# Dataset extract:
Content starts

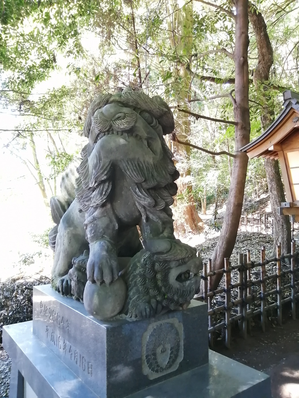 高千穂神社の鳥居をくぐると迎えてくれるのがこの狛犬です。毛がモクモクとしており、犬と言うよりは狗神様というか独特の神々しさがある姿をしています。また珍しいと思ったのは、狛犬がわるい神様か何かを踏みつけている点。さすが高千穂と思わせてくれる狛犬でした。
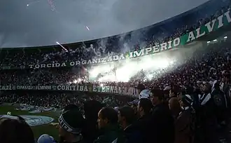 - ↑ Luana Kaseker: Green Hell, recorde de público e sincronia: torcida do Coritiba vive dia perfeito. In: UmDoisEsportes. Abgerufen am 26. April 2025 (brasilianisches Portugiesisch).
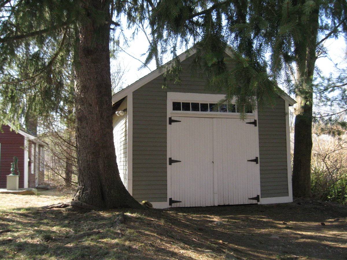 This is a 1 1/2-story gable-roofed bank barn with its ridge line oriented north-south parallel to the road. The lower level has three overhead garage doors in its south gable-end. Above is a sliding door flanked by two six-pane windows on the left and one on the right. The east facade has no openings at grade. The north facade is attached to a connecting addition to the house but appears to have been the entry facade originally. The west facade facing the river has an open porch on the main level; the interior has been converted to living space with windows looking west to the river view.

Content ends

# What this task involves:
Exactly as written, return every line of the listing, but not the pictures.

# Task output:
 高千穂神社の鳥居をくぐると迎えてくれるのがこの狛犬です。毛がモクモクとしており、犬と言うよりは狗神様というか独特の神々しさがある姿をしています。また珍しいと思ったのは、狛犬がわるい神様か何かを踏みつけている点。さすが高千穂と思わせてくれる狛犬でした。
 - ↑ Luana Kaseker: Green Hell, recorde de público e sincronia: torcida do Coritiba vive dia perfeito. In: UmDoisEsportes. Abgerufen am 26. April 2025 (brasilianisches Portugiesisch).
 This is a 1 1/2-story gable-roofed bank barn with its ridge line oriented north-south parallel to the road. The lower level has three overhead garage doors in its south gable-end. Above is a sliding door flanked by two six-pane windows on the left and one on the right. The east facade has no openings at grade. The north facade is attached to a connecting addition to the house but appears to have been the entry facade originally. The west facade facing the river has an open porch on the main level; the interior has been converted to living space with windows looking west to the river view.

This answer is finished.